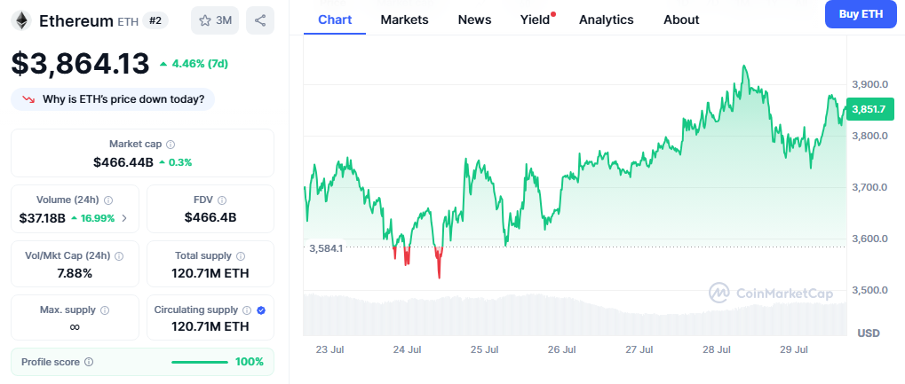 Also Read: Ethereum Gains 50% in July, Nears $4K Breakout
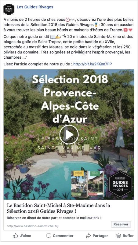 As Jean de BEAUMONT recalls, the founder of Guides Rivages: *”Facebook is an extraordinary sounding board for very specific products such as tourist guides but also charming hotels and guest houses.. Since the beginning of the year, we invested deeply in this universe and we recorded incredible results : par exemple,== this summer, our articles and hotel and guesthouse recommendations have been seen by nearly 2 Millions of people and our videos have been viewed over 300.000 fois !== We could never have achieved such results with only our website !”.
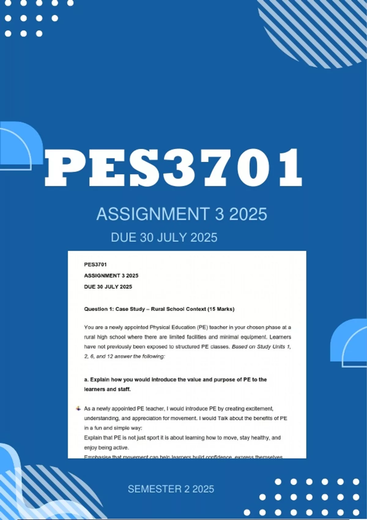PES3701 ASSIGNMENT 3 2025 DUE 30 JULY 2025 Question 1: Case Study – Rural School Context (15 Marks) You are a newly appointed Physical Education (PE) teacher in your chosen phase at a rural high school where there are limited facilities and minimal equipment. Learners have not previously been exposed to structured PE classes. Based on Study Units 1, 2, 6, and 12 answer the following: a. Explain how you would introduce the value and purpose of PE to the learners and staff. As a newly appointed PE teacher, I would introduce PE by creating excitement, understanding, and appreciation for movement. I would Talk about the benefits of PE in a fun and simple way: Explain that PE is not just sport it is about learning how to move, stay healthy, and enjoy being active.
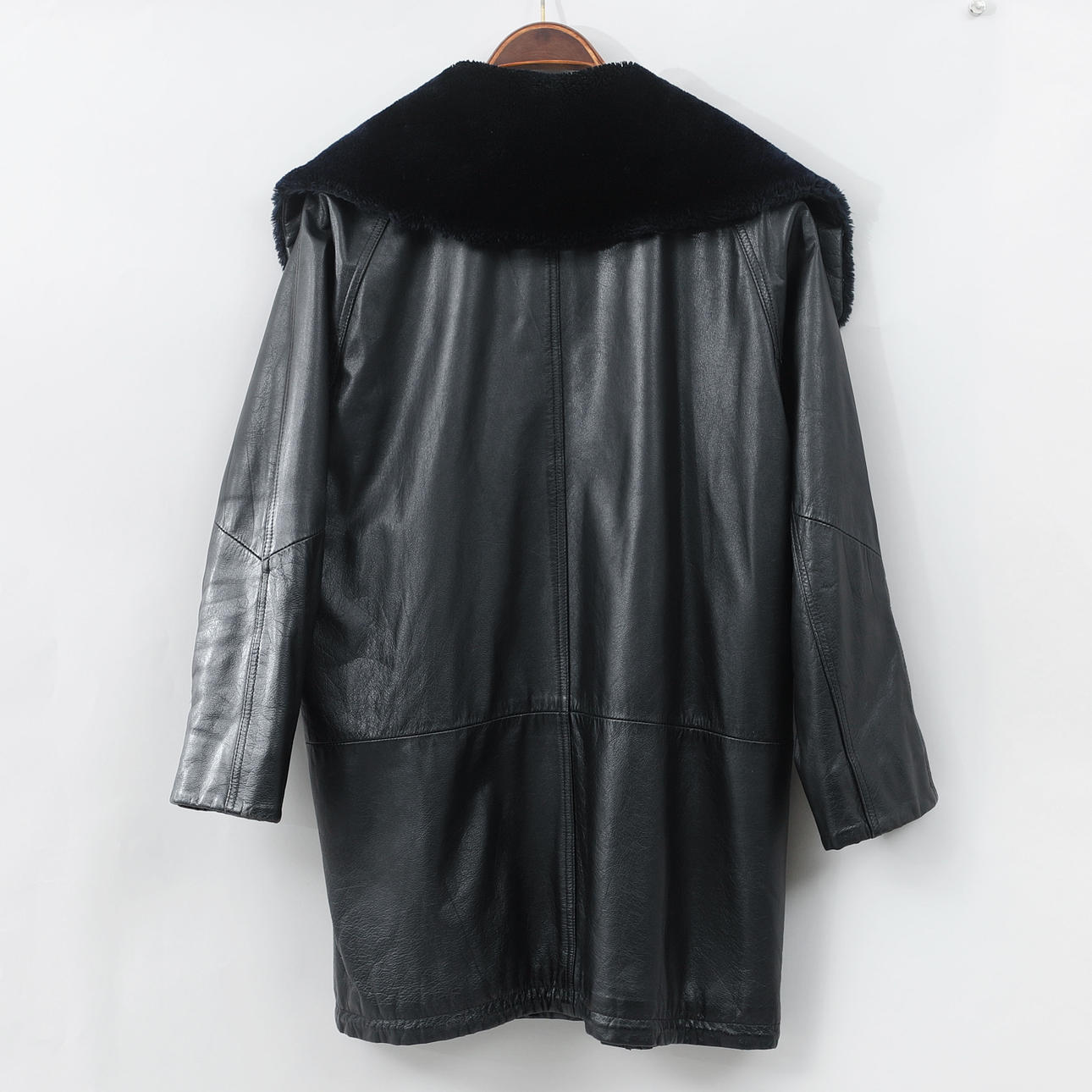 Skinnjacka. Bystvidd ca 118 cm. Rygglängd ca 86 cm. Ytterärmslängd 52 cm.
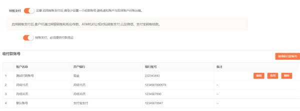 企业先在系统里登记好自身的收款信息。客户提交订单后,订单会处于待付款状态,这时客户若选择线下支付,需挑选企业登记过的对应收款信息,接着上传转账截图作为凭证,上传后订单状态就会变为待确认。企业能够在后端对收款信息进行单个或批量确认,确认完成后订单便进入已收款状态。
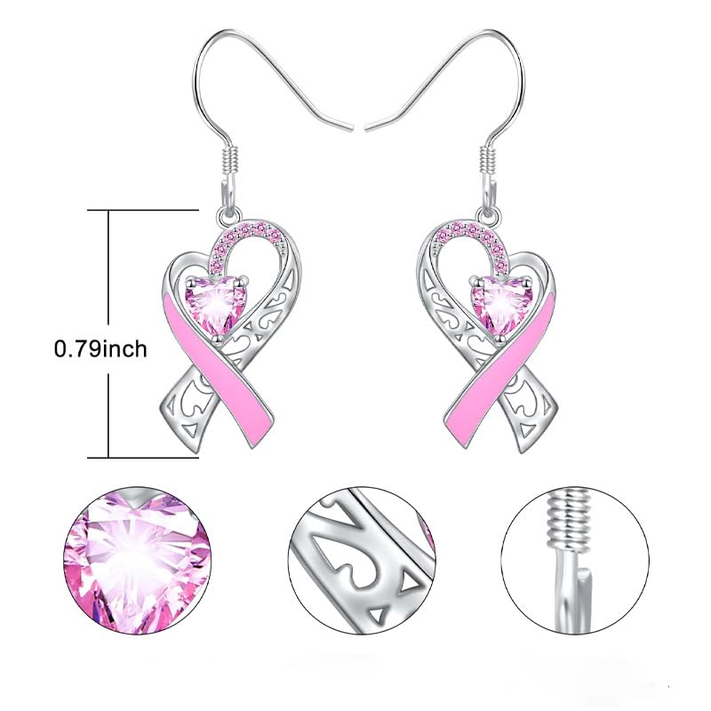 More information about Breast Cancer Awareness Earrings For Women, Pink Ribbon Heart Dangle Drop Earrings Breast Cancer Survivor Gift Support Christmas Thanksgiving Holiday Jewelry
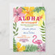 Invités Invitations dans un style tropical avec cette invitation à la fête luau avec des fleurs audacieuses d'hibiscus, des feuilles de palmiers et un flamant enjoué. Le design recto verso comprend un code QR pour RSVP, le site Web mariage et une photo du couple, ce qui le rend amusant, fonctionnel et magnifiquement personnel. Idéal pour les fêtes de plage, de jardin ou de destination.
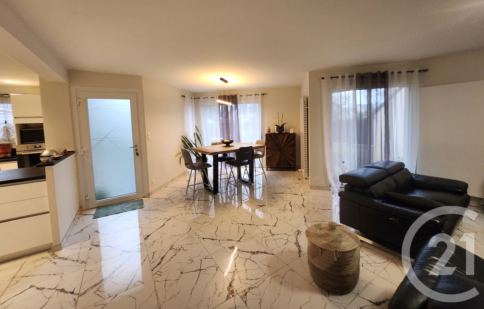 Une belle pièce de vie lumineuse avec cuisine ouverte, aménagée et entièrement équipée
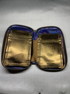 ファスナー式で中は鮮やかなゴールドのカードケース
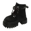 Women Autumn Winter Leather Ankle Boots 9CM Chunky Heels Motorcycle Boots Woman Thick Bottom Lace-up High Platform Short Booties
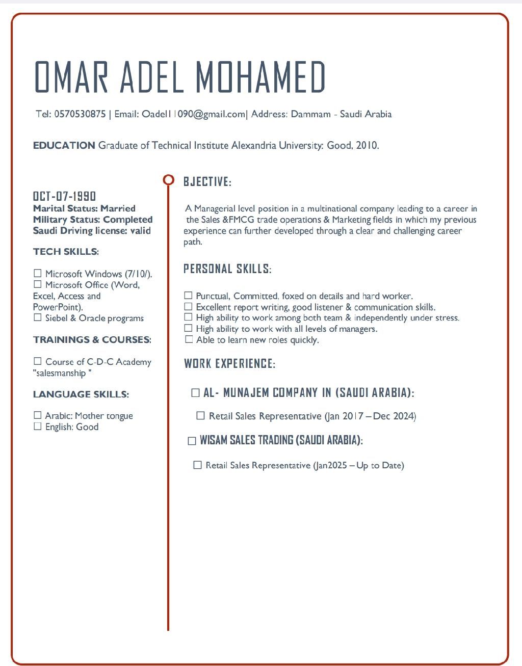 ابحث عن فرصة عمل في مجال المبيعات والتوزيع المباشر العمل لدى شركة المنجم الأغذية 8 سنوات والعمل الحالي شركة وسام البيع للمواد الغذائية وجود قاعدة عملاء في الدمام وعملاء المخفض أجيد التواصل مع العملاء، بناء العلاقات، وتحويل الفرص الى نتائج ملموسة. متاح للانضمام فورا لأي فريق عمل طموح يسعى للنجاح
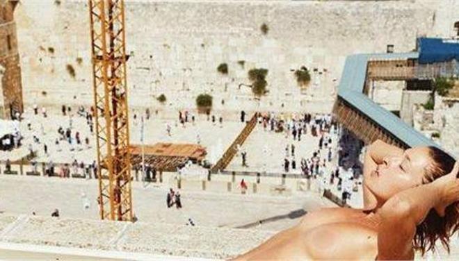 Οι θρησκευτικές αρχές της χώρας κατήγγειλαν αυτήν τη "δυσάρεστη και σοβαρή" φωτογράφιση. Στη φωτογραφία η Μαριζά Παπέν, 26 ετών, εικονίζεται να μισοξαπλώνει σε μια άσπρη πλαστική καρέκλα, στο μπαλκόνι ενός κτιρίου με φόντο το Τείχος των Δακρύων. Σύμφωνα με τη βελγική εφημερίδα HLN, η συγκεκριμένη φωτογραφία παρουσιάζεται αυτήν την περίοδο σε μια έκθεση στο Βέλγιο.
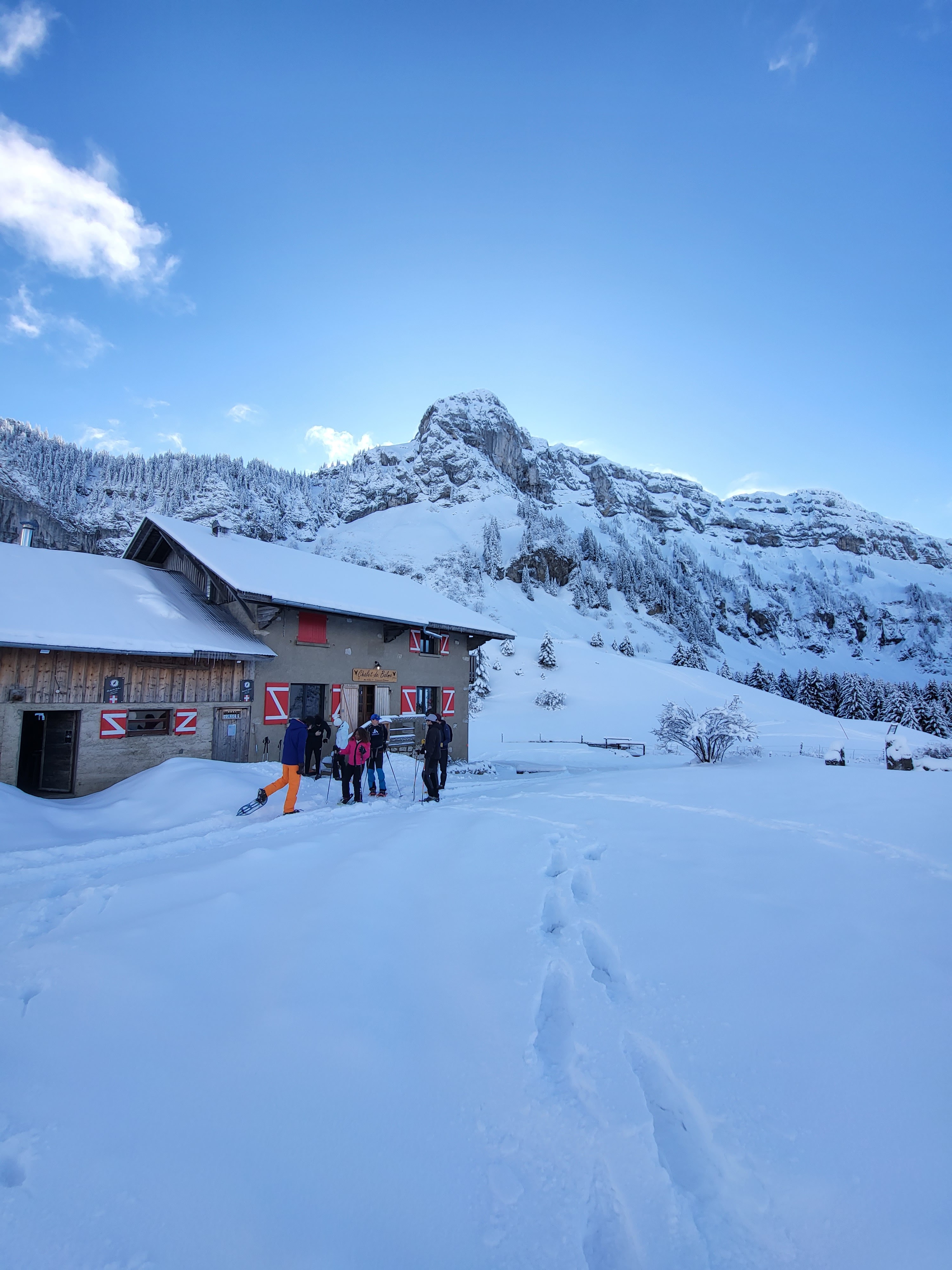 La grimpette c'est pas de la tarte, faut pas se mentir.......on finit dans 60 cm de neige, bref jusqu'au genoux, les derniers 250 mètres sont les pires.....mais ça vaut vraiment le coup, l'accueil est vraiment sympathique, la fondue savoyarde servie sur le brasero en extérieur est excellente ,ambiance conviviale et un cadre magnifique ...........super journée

◆ ◆ ◆ ◆ ◆

ASSIGNED TASK: Restate the full listing verbatim and drop every picture.

SOLVED PROBLEM:
 Also Read: Ethereum Gains 50% in July, Nears $4K Breakout
 As Jean de BEAUMONT recalls, the founder of Guides Rivages: *”Facebook is an extraordinary sounding board for very specific products such as tourist guides but also charming hotels and guest houses.. Since the beginning of the year, we invested deeply in this universe and we recorded incredible results : par exemple,== this summer, our articles and hotel and guesthouse recommendations have been seen by nearly 2 Millions of people and our videos have been viewed over 300.000 fois !== We could never have achieved such results with only our website !”.
PES3701 ASSIGNMENT 3 2025 DUE 30 JULY 2025 Question 1: Case Study – Rural School Context (15 Marks) You are a newly appointed Physical Education (PE) teacher in your chosen phase at a rural high school where there are limited facilities and minimal equipment. Learners have not previously been exposed to structured PE classes. Based on Study Units 1, 2, 6, and 12 answer the following: a. Explain how you would introduce the value and purpose of PE to the learners and staff. As a newly appointed PE teacher, I would introduce PE by creating excitement, understanding, and appreciation for movement. I would Talk about the benefits of PE in a fun and simple way: Explain that PE is not just sport it is about learning how to move, stay healthy, and enjoy being active.
 Skinnjacka. Bystvidd ca 118 cm. Rygglängd ca 86 cm. Ytterärmslängd 52 cm.
 企业先在系统里登记好自身的收款信息。客户提交订单后,订单会处于待付款状态,这时客户若选择线下支付,需挑选企业登记过的对应收款信息,接着上传转账截图作为凭证,上传后订单状态就会变为待确认。企业能够在后端对收款信息进行单个或批量确认,确认完成后订单便进入已收款状态。
 More information about Breast Cancer Awareness Earrings For Women, Pink Ribbon Heart Dangle Drop Earrings Breast Cancer Survivor Gift Support Christmas Thanksgiving Holiday Jewelry
 Invités Invitations dans un style tropical avec cette invitation à la fête luau avec des fleurs audacieuses d'hibiscus, des feuilles de palmiers et un flamant enjoué. Le design recto verso comprend un code QR pour RSVP, le site Web mariage et une photo du couple, ce qui le rend amusant, fonctionnel et magnifiquement personnel. Idéal pour les fêtes de plage, de jardin ou de destination.
 Une belle pièce de vie lumineuse avec cuisine ouverte, aménagée et entièrement équipée
 ファスナー式で中は鮮やかなゴールドのカードケース
 Women Autumn Winter Leather Ankle Boots 9CM Chunky Heels Motorcycle Boots Woman Thick Bottom Lace-up High Platform Short Booties
 ابحث عن فرصة عمل في مجال المبيعات والتوزيع المباشر العمل لدى شركة المنجم الأغذية 8 سنوات والعمل الحالي شركة وسام البيع للمواد الغذائية وجود قاعدة عملاء في الدمام وعملاء المخفض أجيد التواصل مع العملاء، بناء العلاقات، وتحويل الفرص الى نتائج ملموسة. متاح للانضمام فورا لأي فريق عمل طموح يسعى للنجاح
 Οι θρησκευτικές αρχές της χώρας κατήγγειλαν αυτήν τη "δυσάρεστη και σοβαρή" φωτογράφιση. Στη φωτογραφία η Μαριζά Παπέν, 26 ετών, εικονίζεται να μισοξαπλώνει σε μια άσπρη πλαστική καρέκλα, στο μπαλκόνι ενός κτιρίου με φόντο το Τείχος των Δακρύων. Σύμφωνα με τη βελγική εφημερίδα HLN, η συγκεκριμένη φωτογραφία παρουσιάζεται αυτήν την περίοδο σε μια έκθεση στο Βέλγιο.
 La grimpette c'est pas de la tarte, faut pas se mentir.......on finit dans 60 cm de neige, bref jusqu'au genoux, les derniers 250 mètres sont les pires.....mais ça vaut vraiment le coup, l'accueil est vraiment sympathique, la fondue savoyarde servie sur le brasero en extérieur est excellente ,ambiance conviviale et un cadre magnifique ...........super journée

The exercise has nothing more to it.